**PROBLEM REQUIREMENTS**
Leave out the pictures and print precisely the lines from the line with "Ecksofa MORBIDO U, XXL" to the final line of the entries, both ends included.

Records from a data source
----

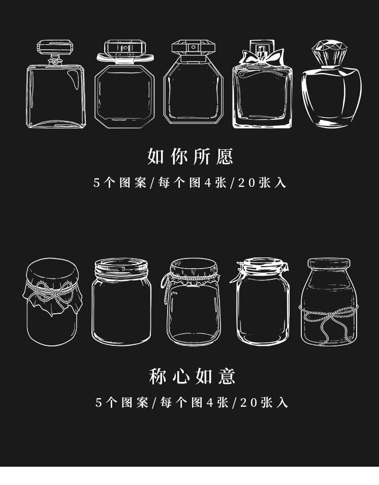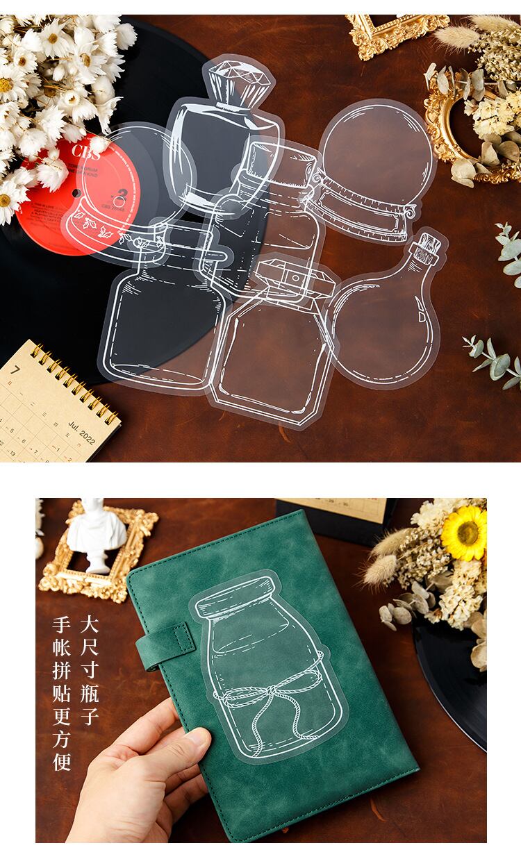 【25】コラージュ素材 透明ボトルステッカー 20枚×3種
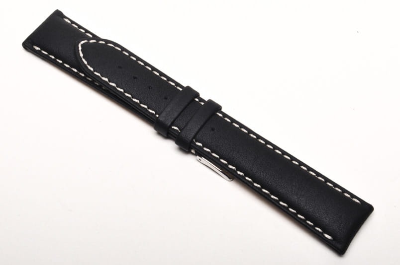 Wykonany ze skóry cielęcej, z delikatną fakturą. Matowy, przeszyty białą nicią. Pogrubiany przy mocowaniu, dalej cieniowany. Dwie szlufki, stalowa klamerka. Wersja XL.
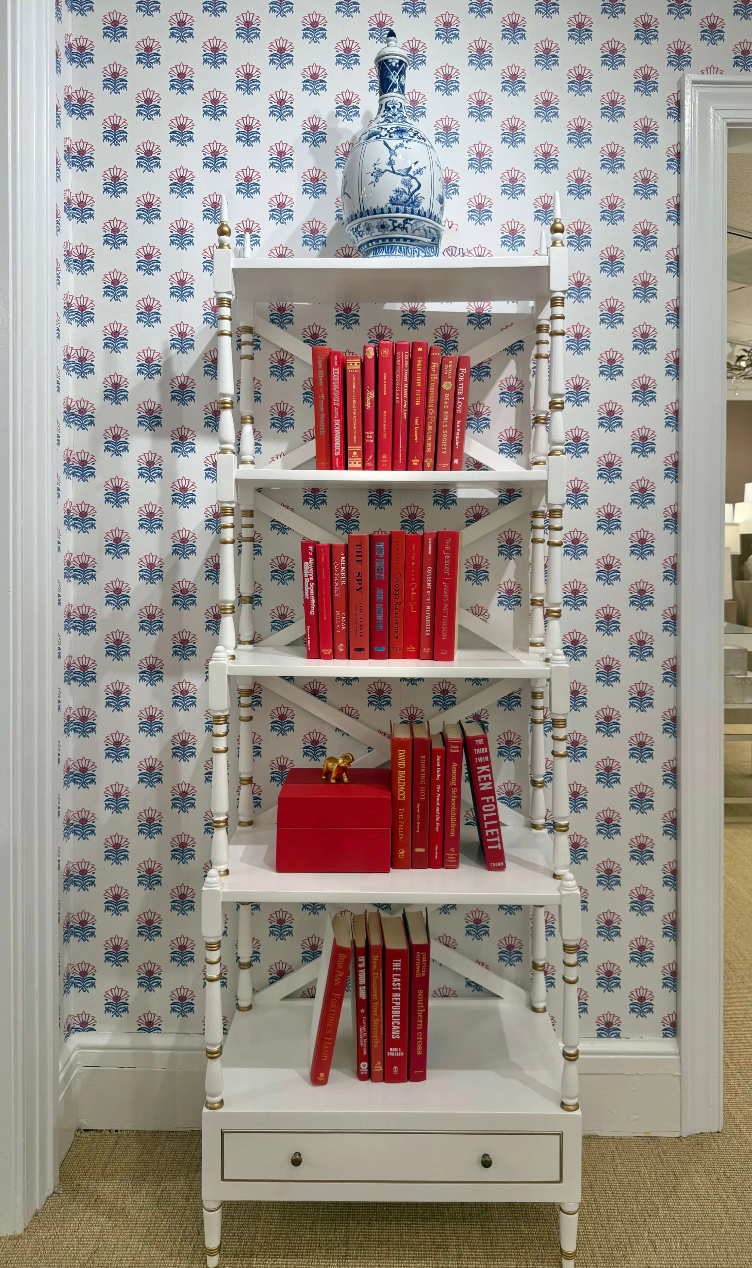 Small patterned wallpaper with a finely detailed etagere seems very Grandma Chic.
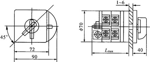 (3)HZ12型组合开关外形及安装尺寸见图1-18。
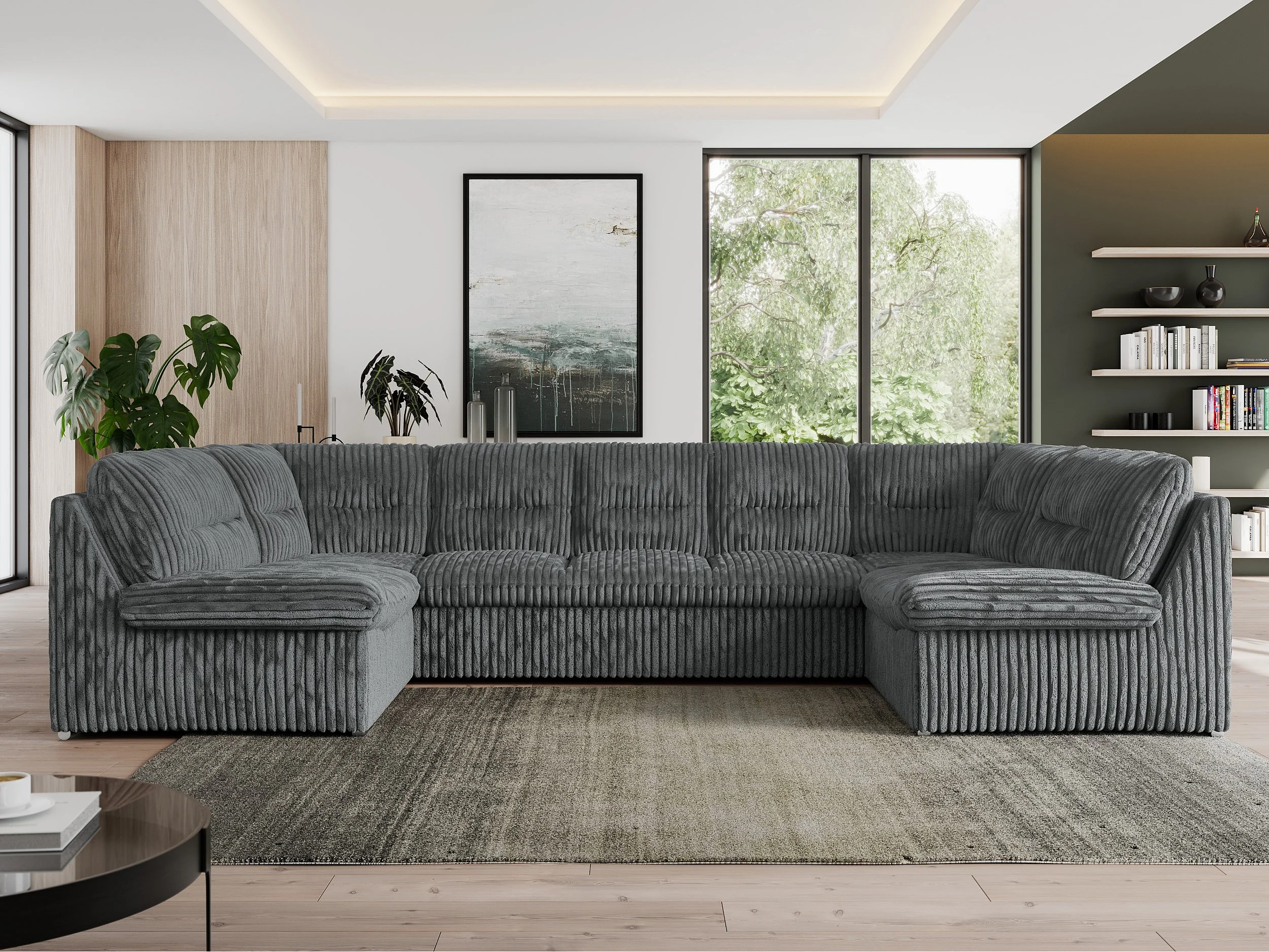 Ecksofa MORBIDO U, XXL Wohnlandschaft mit schlaffunktion - Dunkelgrau Cord
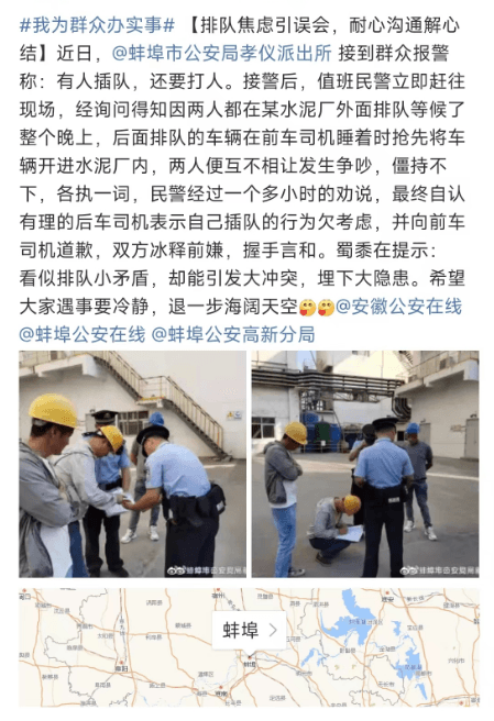 因兩人都在某水泥廠外面排隊等候了整個晚上,后面排隊的車輛在前車司機睡著時搶先將車輛開進水泥廠內(nèi),兩人便互不相讓發(fā)生爭吵,僵持不下,各執(zhí)一詞。
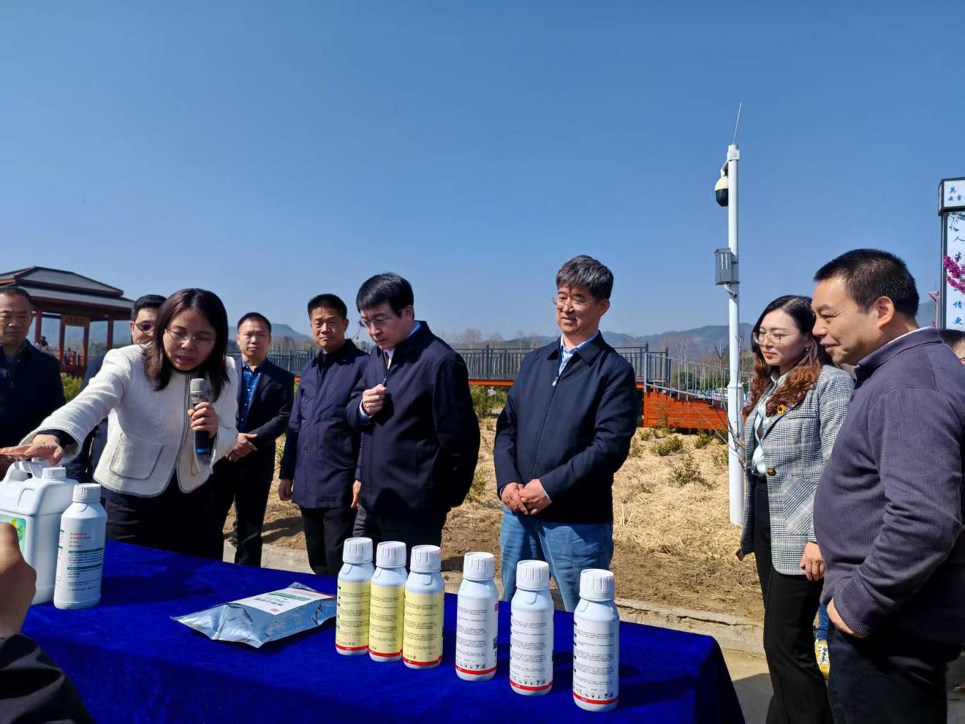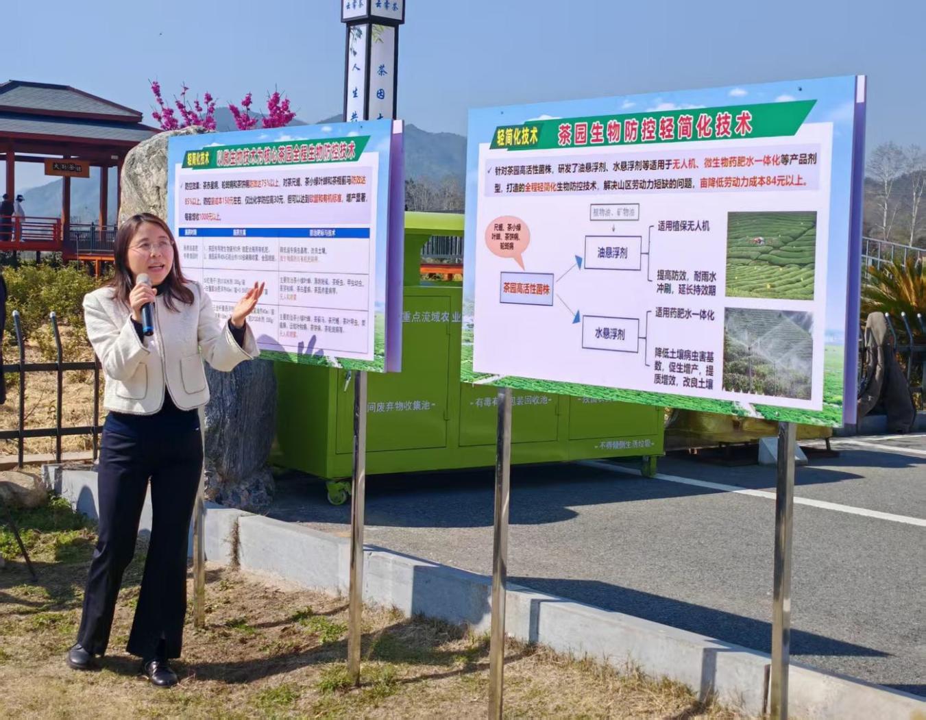 活动现场,与会代表观摩了茶园专用微生物新产品示范效果、微生物药肥水一体化技术展示、茶园无人机喷施微生物农药技术展示、茶园数字化生物防控平台演示等。全国人大代表、湖北省农科院生农中心副主任刘晓艳宣讲全国两会精神。
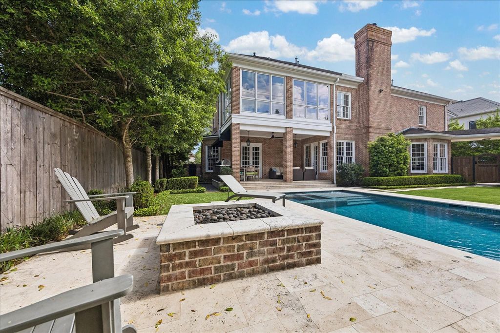 Exceptional custom home in the heart of Tanglewood, just steps from the Boulevard and its walking/running path. Extensively updated in 2011 and 2018, this classic residence offers a double-height entry, elegant living and formal dining rooms, and four ensuite bedrooms including the primary suite with two walk-in closets. The third floor features a spacious game/media room with kitchen and bath. Private quarters above the detached garage (720 SF per HCAD) include a kitchen, full bath, and sitting area. Highlights include a double-island kitchen with butler’s pantry, wet bar, powder bath, library, and exercise/sunroom overlooking the pool. Elevator-ready with two driveway gates leading to the porte-cochere and whole-house generator. Resort-style backyard with pool, spa, firepit, pool bath, covered summer kitchen, lawn space, and mature Holly trees for privacy.
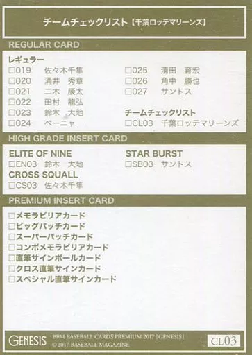 BBM/レギュラーカード/チームチェックリスト/千葉ロッテマリーンズ/BBM2017 ジェネシス CL03[レギュラーカード]:千葉ロッテマリーンズ
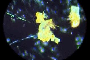真的、活的、爬动的螨虫!!!几乎透明的小白虫,触须、爪子都能看的清清楚楚。

----

**OUTPUT OF THE TASK**
 Ecksofa MORBIDO U, XXL Wohnlandschaft mit schlaffunktion - Dunkelgrau Cord
 因兩人都在某水泥廠外面排隊等候了整個晚上,后面排隊的車輛在前車司機睡著時搶先將車輛開進水泥廠內(nèi),兩人便互不相讓發(fā)生爭吵,僵持不下,各執(zhí)一詞。
 活动现场,与会代表观摩了茶园专用微生物新产品示范效果、微生物药肥水一体化技术展示、茶园无人机喷施微生物农药技术展示、茶园数字化生物防控平台演示等。全国人大代表、湖北省农科院生农中心副主任刘晓艳宣讲全国两会精神。
 Exceptional custom home in the heart of Tanglewood, just steps from the Boulevard and its walking/running path. Extensively updated in 2011 and 2018, this classic residence offers a double-height entry, elegant living and formal dining rooms, and four ensuite bedrooms including the primary suite with two walk-in closets. The third floor features a spacious game/media room with kitchen and bath. Private quarters above the detached garage (720 SF per HCAD) include a kitchen, full bath, and sitting area. Highlights include a double-island kitchen with butler’s pantry, wet bar, powder bath, library, and exercise/sunroom overlooking the pool. Elevator-ready with two driveway gates leading to the porte-cochere and whole-house generator. Resort-style backyard with pool, spa, firepit, pool bath, covered summer kitchen, lawn space, and mature Holly trees for privacy.
 BBM/レギュラーカード/チームチェックリスト/千葉ロッテマリーンズ/BBM2017 ジェネシス CL03[レギュラーカード]:千葉ロッテマリーンズ
真的、活的、爬动的螨虫!!!几乎透明的小白虫,触须、爪子都能看的清清楚楚。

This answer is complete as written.